How to Choose the Right Concealer for Every Concern
By Viktoria @vioda.makeup · · Updated April 11, 2026
Concealer is the hardest-working product in your bag, but only if you pick the right one. Here's how to match your concealer to your actual concerns.
A complete guide to concealer types, coverage levels, shade matching, and application techniques for dark circles, blemishes, and redness.
Why One Concealer Doesn't Fit All
Most people buy one concealer and use it for everything: under-eyes, blemishes, redness, highlighting. The problem is that each of those concerns needs a different formula, coverage level, and sometimes shade. A thin, brightening concealer for under-eyes will do nothing on an active breakout, and a thick, full-coverage stick concealer will crease like crazy under your eyes within an hour.
Once you understand what each concealer type does well, shopping gets a lot easier. You stop reaching for whatever has good reviews and start choosing based on what your skin actually needs that day. Let me walk you through it.
Concealer Types and What They're Best For
Liquid concealers are the most versatile. They come in everything from sheer to full coverage and work on most areas of the face. If you only own one concealer, make it a liquid with buildable medium coverage. Stick concealers are thicker and better for spot concealing blemishes or scars because they stay put. Cream concealers in pots tend to be emollient and work well for dry under-eyes.
There are also color-correcting concealers: peach or orange tones cancel dark circles on medium to deep skin, green cancels redness, and lavender brightens sallow undertones. These go under your regular concealer, not instead of it. The mistake people make is applying color corrector too thickly. A thin veil is all you need before layering a skin-tone concealer on top.
How to Shade-Match Your Concealer
For under-eyes, go one to two shades lighter than your foundation. This brightens the area and counteracts shadows. For blemishes and redness, match your concealer exactly to your foundation shade so it blends invisibly into the surrounding skin. Choosing a lighter shade to cover a pimple just highlights it.
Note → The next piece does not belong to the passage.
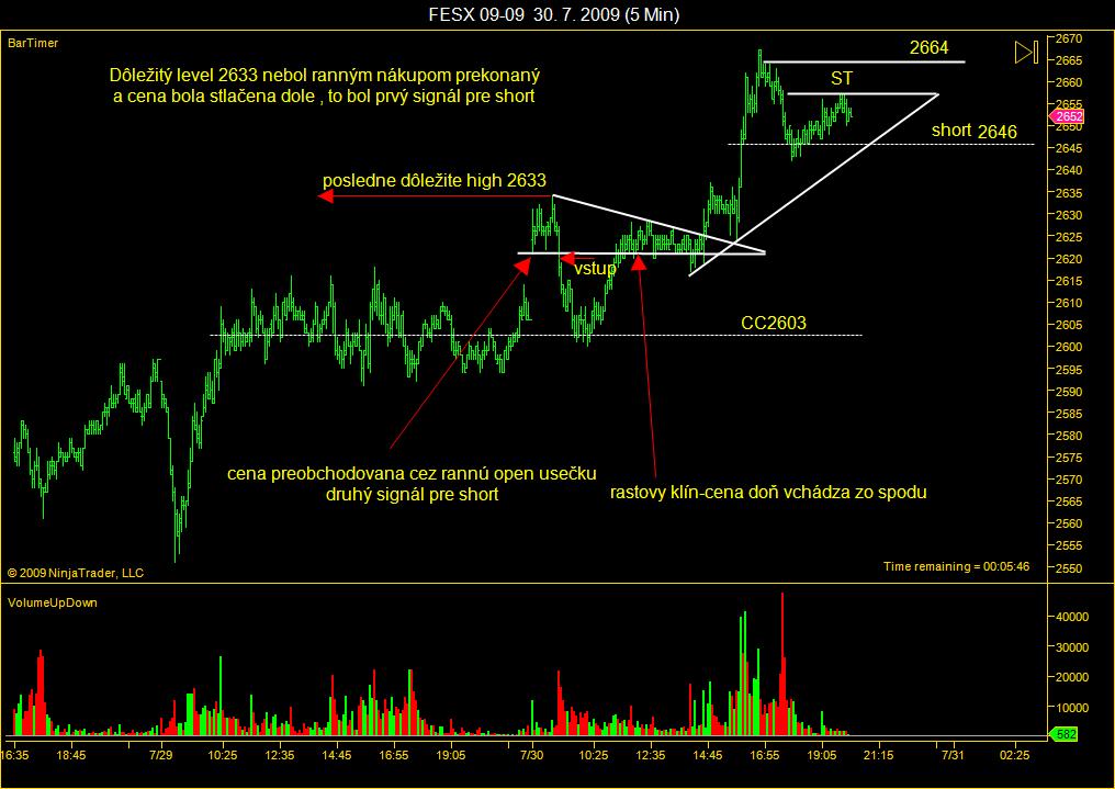 Ahoj Šimi, pozri si screen ako sa dalo vstupiť na cene 2620 pretože cena sa preobchodovala cez ranné open. Pokial chceš urobiť obchod musíš mať pre to dôvod. Okrem všetkých iných možných dôvodov prvý je "vizuálne presvedčenie" . To získaš tak, že ešte pred Open si urobíš úlohu....zakreslíš dôležité línie a vytiahneš ich do stratena , potom ich podla potreby predlžuješ , alebo prekresluješ , ale musíš byť vžy v kontakte s trhom. Nespoliehaj sa na improvizáciu a otázky typu "čo ak? " s takýmto prístupom to nikam nedotiahneš. Otázka Čo ak? patrí tebe nie trhu..... čo ak to tam nepôjde ? mám na další obchod? je to môj posledný pokus? čo ma opravnuje si mysliet že to môže stroskotať? Na to ked si vieš odpovedať tak sa ničoho nemusíš báť lebo poznáš odpoveď a ked niečo poznáš tak z toho nemáš strach. Vždy musíš mat naplánovaný Vstup aj Výstup ! Vopred si nájdi body vstupu a výstupu tak poznáš svoje riziko aj profit a na základe týchto informácii sa vieš správne rozhodnuť. Vždy uvažuj tak že od tebou plánovaneho vstupu musíš vidiet bod kde ta to dostane minimálne na BE , vtedy si už v pohode potom ta zaujíma už len výstup v logickom bode a ten musíš vidieť vopred , lebo žiaden indikátor na svete ti ho neukáže vopred. Viem , že su to otrepané rady , ale možno si ich potreboval pripomenuť.... ;) Gladiator028

Always test concealer on your jawline or the inner wrist in natural light. Many concealers oxidize and turn slightly darker or more orange after an hour, so swatch and wait before committing. If you shop online, order two adjacent shades and return the one that doesn't match. Undertone matters as much as depth: if your skin is neutral-warm, a pink-toned concealer will look ashy under your eyes.
Application Techniques That Actually Work
For under-eyes, apply concealer in an inverted triangle shape and blend with a damp beauty sponge using a bouncing motion. This diffuses the product and prevents the dragging that causes creasing. Don't set the entire under-eye with powder; if you must set it, use a tiny amount of finely milled powder only on the inner corner where creasing starts.
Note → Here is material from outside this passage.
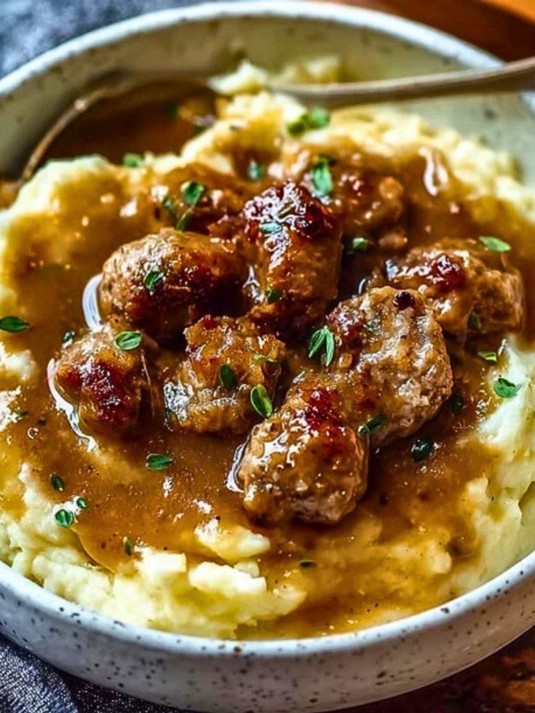 The magic starts with slow-roasted garlic, mellow and caramelized, whipped into buttery mashed potatoes. Then comes the gravy—sizzling sausage browned to perfection, simmered with aromatics and thickened into a rich sauce. Each spoonful delivers depth and decadence, the kind of homemade taste that makes you go back for seconds (or thirds).

For blemishes, use a small concealer brush to place product directly on the spot, then gently pat the edges with your finger to blend without removing coverage from the center. The goal is precise coverage, not a wide circle of concealer around the blemish. For redness around the nose, a thin brush and stippling motion gives the most natural result. Build in thin layers rather than applying one thick coat.
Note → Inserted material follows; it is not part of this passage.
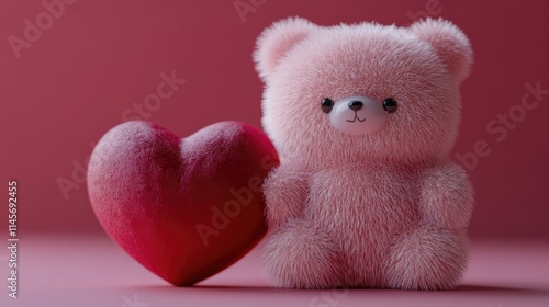 Cute pink teddy bear doll beside a vibrant red heart on a soft pink background symbolizing love and affection.

Concealer Mistakes to Avoid
The biggest mistake is applying concealer before your color corrector has had a chance to set. Let each layer sit for about thirty seconds before adding the next. The second most common mistake is using too much product. You can always build up, but removing excess concealer disrupts the layers underneath.
Another frequent issue is the wrong finish for your skin type. If you have oily skin, a luminous concealer under the eyes might look great at eight a.m. but will be a creased mess by noon. Look for satin or matte finishes and set lightly. If your skin is dry, avoid matte concealers entirely under the eyes. They'll settle into fine lines and emphasize texture.
My Recommendations by Concern
For dark circles, go for a hydrating liquid concealer with light-reflecting particles and choose a shade one to two shades lighter with a peach or warm undertone. For acne and blemishes, a full-coverage stick or pot concealer that matches your skin exactly will stay put without sliding off. For redness and rosacea, start with a green color corrector, then layer a medium-coverage liquid concealer on top.
If you're on a budget, check the site's dupe pages. Many drugstore concealers genuinely outperform their expensive counterparts in wear tests, especially in the under-eye category. The most expensive concealer isn't always the best one for you.